Workers at one institution talked about the robust interaction of years gone by that has now been sanitized and scripted. They sense that their personal commitment, caring and investment must now be hidden behind an impersonal mask which purports to professionalism and quality care. Some feel the authenticity of their work being compromised (Waterhouse et al., 1999). The “loves” and “honeys” and “darlings” that were endowed spontaneously in the past have been replaced by “Mrs. B” or “Mr. A.” Terms of endearment and first names are now said to be disrespectful unless negotiated beforehand. And the kisses and hugs offered by some residents are now censored for their potential to be intrusive and violating, threatening the professional relationship between residents and carers. Aged care workers recognize that the “no-lift” policy is essential for their health but they struggle to reconcile this with the recommended lifting machines. One nurse bemoaned:

I can’t help thinking of those cranes at the port that pluck out the cargo from the hold and carry it dangling over to the wharf.

While risk managers seek out all points of possible vulnerability to legal suits, residents may perceive themselves reduced to noxious bundles of flesh.

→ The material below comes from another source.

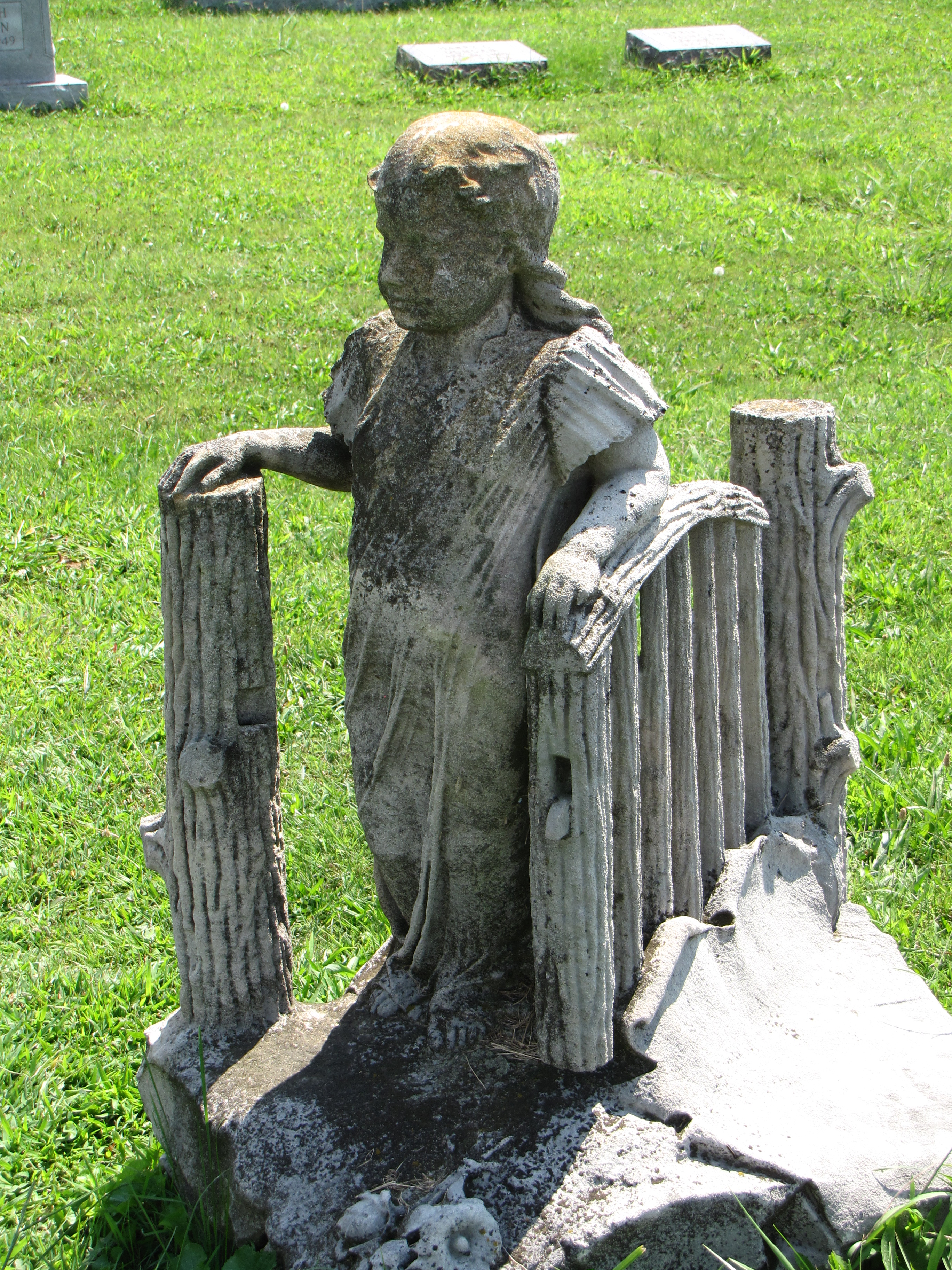 Not only did this stone carver complete many of the projects that were languishing in the Naugle’s workshop, but he also produced a memorial to Caddy, appropriately, standing at the garden gate, as if she were still waiting for her father. By all accounts, he then disappeared almost as if he had been a ghost.

There is no doubt that new measures have been important for the protection of residents and staff, but one wonders at the price and the alternatives. The government-endorsed readings of the accreditation texts have established such weight that employees are afraid to deviate in case they expose themselves as incompetent or threaten the accreditation of the institution. Of course when backs are turned and authorities are out of earshot, workers sometimes remove their enforced masks and break the rules. However there are few who do not believe that their interaction is mediated by a very big brother. The social consequences of this have been discussed by writers such as Sennett (1998), Wilmott (1993) and Saul (1995), who believe that the intrusion of controls into the personal interaction and belief systems of individuals invades personal autonomy and ethical identity.

The implications for this on casual workers with literacy needs is only marginally more interesting than its impact upon the industry, individual workers and residents. All workers need to develop a command of the literacies and the communication practices that the key texts call for, or rather their interpreters expect to see. We are still in the midst of data gathering and so far our venturing has not taken us outside the aged care industry. Conclusions are yet to be drawn. Let us see where the study leads us.